Extinct superfamily of molluscs

The Aipoceratoidea are a superfamily within the order Nautilida characterized by rapidly expanding, smooth to ribbed, cyrtoconic to coiled shells with rounded or sometimes dorsally flattened or impressed whorls, nearly straight sutures, and a ventral and marginal siphuncle. Septal necks are orthochoanitic ventrally and orthochoanitic or cyrtochoanitic dorsally.

The Aipoceratoidea are the Solenochilida according to Flower and are the Solenocheilaceae which Shimansky included in his Rutoceratina minus the Litogyroceratidae which the Treatise includes in the Rutoceratidae (Tainocerataceae)

The Aipoceratoidea include three families and at least nine genera. The families are the Aipoceratidae, Solenochilidae, and Scyphoceratidae.
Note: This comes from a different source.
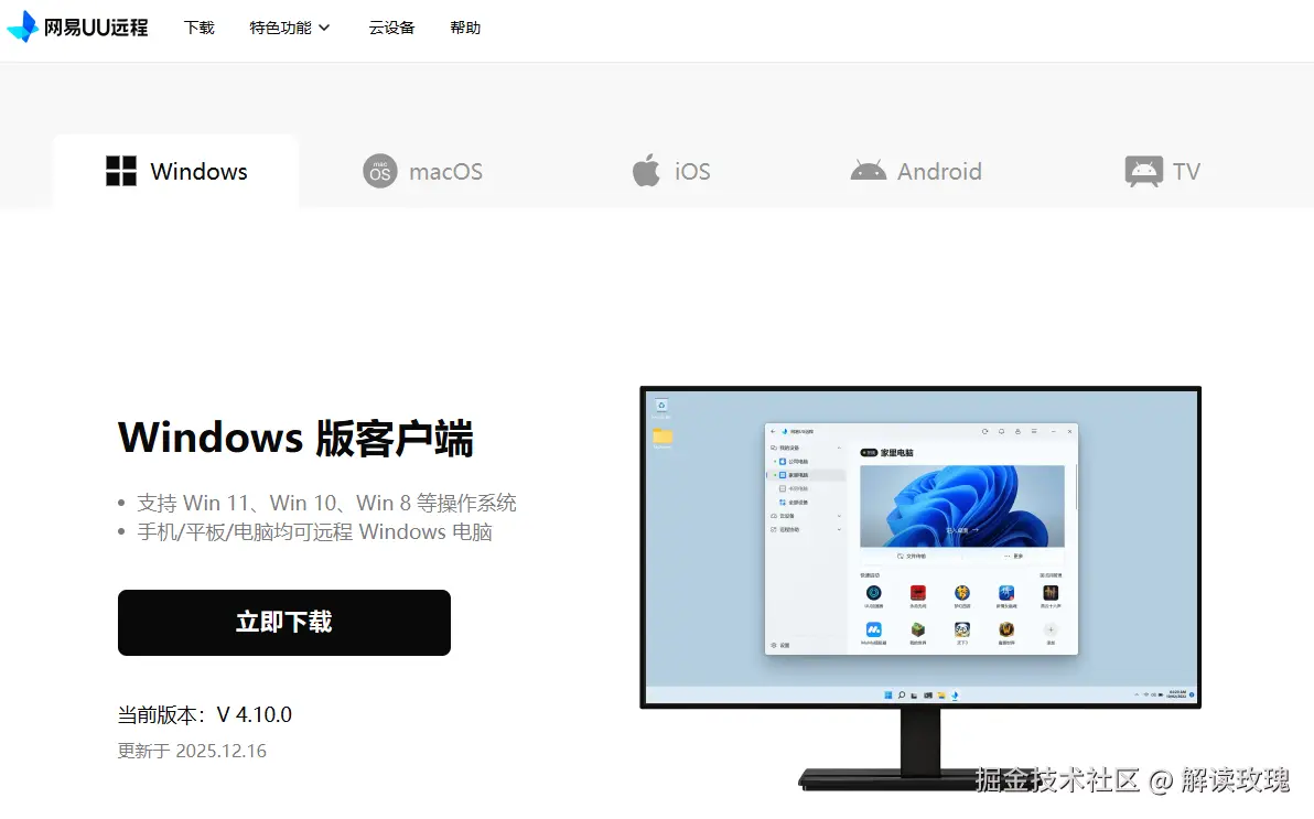 UU远程提供了多平台的下载选项,涵盖Windows、macOS、iOS、Android以及电视设备(Beta版),但有些端对端有限制,比如电脑控手机或手机互控都没有实现

The Aipoceratidae are represented by the loosely coiled, compressed and gyroconic Aipoceras from the Lower Carboniferous (Mississippian) of Europe and North America; the Solenochilidae are represented by the tightly coiled cosmopolitan Solenochilis from the Upper Carboniferous (Pennsylvanian) to the Lower Permian, with spines projecting straight out laterally from the umbilical region; and the Scyphoceratidae are represented by Scyphoceras from the Lower Permian of the Ural Mountains, which has a ribbed shell and a relatively small and sharply curved phragmocone.

The derivation of the Aipoceratoidea is somewhat tenuous. Kummel (1964, K385 fig. 280) shows a tentative connection to the Rutoceratidae in the Devonian. Flower also shows a tentative connection but from the equivalent Solenochilida to the Barrndeocerida. Shimansky, though, shows a direct connection from the Solenocheilaceae to the Rutoceratidae.